Reproduce exactly, and only, the lines of the material below running from the line bearing "Begleitung bei klinischen" through the line bearing "Fihaonambe nasionalin'ny mpandraharaha tetsy". Leave any pictures out.

*** Dataset entries ***

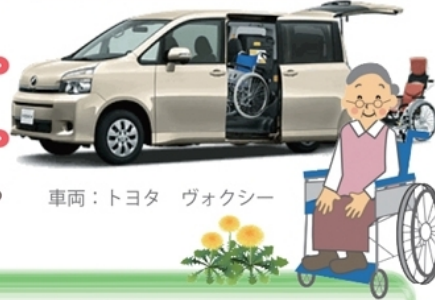
車両：トヨタ ヴォクシー

あなたの足としてお気軽にご利用ください。 ”おもてなしの心”で対応させていただきます。
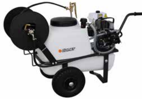
CRRC 51 ECO
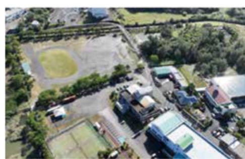
現在の社会体育施設の現況

若手職員7名と教育委員、会事務局3名の計10名で数回会議を実施し、保健福祉センターや島育ち産業館等優先すべき施設があり、そ
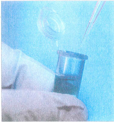
Begleitung bei klinischen Studien von der Logistik bis zur Dokumentation
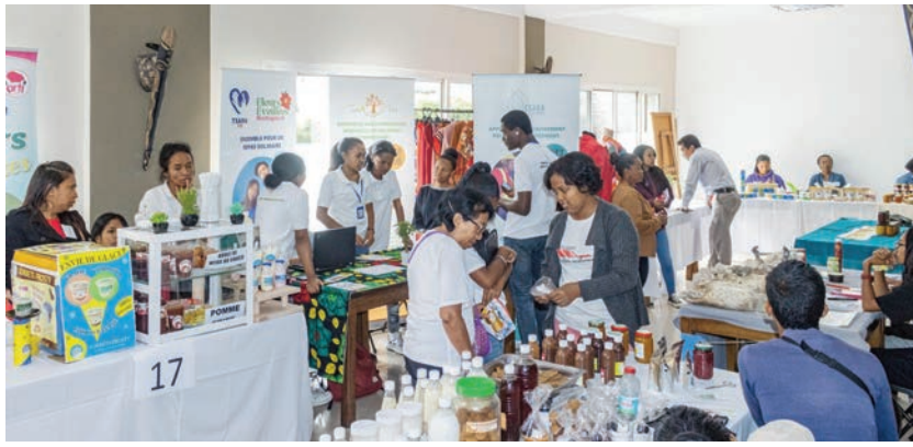
Fihaonambe nasionalin'ny mpandraharaha tetsy Antaninarenina.

Nomarihana ny herinandro teo teto amintsika ny herinandro'ny fandraharaha maneran-tany. Nomarihana tamin'ny alalan'ny fihaonambe nasionalin'ny mpandraharaha andiany faha-5 izany tamin'ity taona ity, tao amin'ny Hotel Le Pavé Antaninarenina nandritra ny roa andro misesy, ny 17 sy 18 Novambra 2023 teo. Ny hetsika dia nahitana varotra sy fampirantiana ary famelabaran-kevitra narahina adivevitra. Fihaonambe nasionalin'ny mpandraharaha izy io,

*** End of Dataset entries ***

• [Task solution]
Begleitung bei klinischen Studien von der Logistik bis zur Dokumentation
Fihaonambe nasionalin'ny mpandraharaha tetsy Antaninarenina.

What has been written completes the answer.